Work order:
Every line in the records below between the one holding "A,长形长形蛋(Elongatoolithus elongatus)IVPP V" and the one holding "Konstruksi nakas ini", inclusive, is to be set down exactly; all other lines are to be left out.

Information given:
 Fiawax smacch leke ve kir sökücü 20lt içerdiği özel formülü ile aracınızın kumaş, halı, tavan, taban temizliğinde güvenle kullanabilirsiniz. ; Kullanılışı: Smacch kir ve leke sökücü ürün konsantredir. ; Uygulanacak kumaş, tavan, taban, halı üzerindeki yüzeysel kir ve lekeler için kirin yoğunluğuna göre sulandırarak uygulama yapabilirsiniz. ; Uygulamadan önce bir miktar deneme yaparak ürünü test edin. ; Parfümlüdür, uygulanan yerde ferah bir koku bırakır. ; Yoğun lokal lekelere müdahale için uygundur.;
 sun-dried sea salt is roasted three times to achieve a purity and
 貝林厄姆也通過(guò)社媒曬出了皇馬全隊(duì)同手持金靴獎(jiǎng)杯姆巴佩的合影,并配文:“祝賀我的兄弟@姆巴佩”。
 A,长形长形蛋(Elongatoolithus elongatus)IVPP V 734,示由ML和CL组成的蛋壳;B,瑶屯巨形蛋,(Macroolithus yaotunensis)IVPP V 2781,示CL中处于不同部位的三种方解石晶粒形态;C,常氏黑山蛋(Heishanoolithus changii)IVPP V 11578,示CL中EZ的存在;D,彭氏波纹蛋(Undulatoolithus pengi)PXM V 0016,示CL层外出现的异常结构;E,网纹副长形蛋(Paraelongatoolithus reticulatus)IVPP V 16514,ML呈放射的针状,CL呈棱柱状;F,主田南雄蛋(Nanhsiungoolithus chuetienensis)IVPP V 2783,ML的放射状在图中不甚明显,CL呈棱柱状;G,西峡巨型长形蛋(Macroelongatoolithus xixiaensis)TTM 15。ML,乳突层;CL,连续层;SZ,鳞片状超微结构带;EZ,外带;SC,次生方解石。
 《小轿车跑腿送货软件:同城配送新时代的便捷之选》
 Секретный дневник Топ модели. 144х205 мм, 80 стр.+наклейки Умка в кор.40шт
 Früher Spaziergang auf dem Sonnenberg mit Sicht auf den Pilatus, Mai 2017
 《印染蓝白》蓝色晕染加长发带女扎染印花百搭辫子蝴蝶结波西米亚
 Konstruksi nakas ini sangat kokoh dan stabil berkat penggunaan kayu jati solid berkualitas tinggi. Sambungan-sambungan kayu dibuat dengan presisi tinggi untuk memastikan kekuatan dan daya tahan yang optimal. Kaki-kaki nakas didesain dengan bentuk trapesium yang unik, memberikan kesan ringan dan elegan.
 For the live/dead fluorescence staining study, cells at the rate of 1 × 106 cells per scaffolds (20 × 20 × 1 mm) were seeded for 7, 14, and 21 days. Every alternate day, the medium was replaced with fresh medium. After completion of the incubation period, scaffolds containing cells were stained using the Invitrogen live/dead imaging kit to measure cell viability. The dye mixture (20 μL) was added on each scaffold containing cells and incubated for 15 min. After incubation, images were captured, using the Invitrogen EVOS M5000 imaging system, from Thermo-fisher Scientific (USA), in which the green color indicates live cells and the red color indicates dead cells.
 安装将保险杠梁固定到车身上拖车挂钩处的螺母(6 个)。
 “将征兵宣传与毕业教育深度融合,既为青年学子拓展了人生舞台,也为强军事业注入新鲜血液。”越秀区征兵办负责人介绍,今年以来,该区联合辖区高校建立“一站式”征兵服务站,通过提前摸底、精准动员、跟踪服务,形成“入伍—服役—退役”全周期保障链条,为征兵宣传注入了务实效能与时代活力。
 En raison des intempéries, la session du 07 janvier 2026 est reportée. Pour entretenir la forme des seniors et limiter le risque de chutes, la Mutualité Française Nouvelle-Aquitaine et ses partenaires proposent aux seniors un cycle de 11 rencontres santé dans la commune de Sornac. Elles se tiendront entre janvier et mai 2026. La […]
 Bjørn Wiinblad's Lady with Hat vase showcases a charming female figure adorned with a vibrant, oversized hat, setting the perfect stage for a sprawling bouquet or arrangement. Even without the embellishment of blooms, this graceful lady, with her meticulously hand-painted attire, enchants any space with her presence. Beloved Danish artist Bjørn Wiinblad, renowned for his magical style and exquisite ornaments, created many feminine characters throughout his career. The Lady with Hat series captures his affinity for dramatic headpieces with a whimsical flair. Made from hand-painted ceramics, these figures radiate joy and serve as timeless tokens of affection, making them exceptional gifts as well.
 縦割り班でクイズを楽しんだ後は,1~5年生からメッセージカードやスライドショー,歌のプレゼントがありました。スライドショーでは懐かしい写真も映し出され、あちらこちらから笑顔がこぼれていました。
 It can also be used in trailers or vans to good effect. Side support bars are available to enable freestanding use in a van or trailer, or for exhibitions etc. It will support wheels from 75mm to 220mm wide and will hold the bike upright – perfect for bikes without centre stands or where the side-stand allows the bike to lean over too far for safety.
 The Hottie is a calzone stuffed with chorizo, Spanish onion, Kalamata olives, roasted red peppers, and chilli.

Output below:
 A,长形长形蛋(Elongatoolithus elongatus)IVPP V 734,示由ML和CL组成的蛋壳;B,瑶屯巨形蛋,(Macroolithus yaotunensis)IVPP V 2781,示CL中处于不同部位的三种方解石晶粒形态;C,常氏黑山蛋(Heishanoolithus changii)IVPP V 11578,示CL中EZ的存在;D,彭氏波纹蛋(Undulatoolithus pengi)PXM V 0016,示CL层外出现的异常结构;E,网纹副长形蛋(Paraelongatoolithus reticulatus)IVPP V 16514,ML呈放射的针状,CL呈棱柱状;F,主田南雄蛋(Nanhsiungoolithus chuetienensis)IVPP V 2783,ML的放射状在图中不甚明显,CL呈棱柱状;G,西峡巨型长形蛋(Macroelongatoolithus xixiaensis)TTM 15。ML,乳突层;CL,连续层;SZ,鳞片状超微结构带;EZ,外带;SC,次生方解石。
 《小轿车跑腿送货软件:同城配送新时代的便捷之选》
 Секретный дневник Топ модели. 144х205 мм, 80 стр.+наклейки Умка в кор.40шт
 Früher Spaziergang auf dem Sonnenberg mit Sicht auf den Pilatus, Mai 2017
 《印染蓝白》蓝色晕染加长发带女扎染印花百搭辫子蝴蝶结波西米亚
 Konstruksi nakas ini sangat kokoh dan stabil berkat penggunaan kayu jati solid berkualitas tinggi. Sambungan-sambungan kayu dibuat dengan presisi tinggi untuk memastikan kekuatan dan daya tahan yang optimal. Kaki-kaki nakas didesain dengan bentuk trapesium yang unik, memberikan kesan ringan dan elegan.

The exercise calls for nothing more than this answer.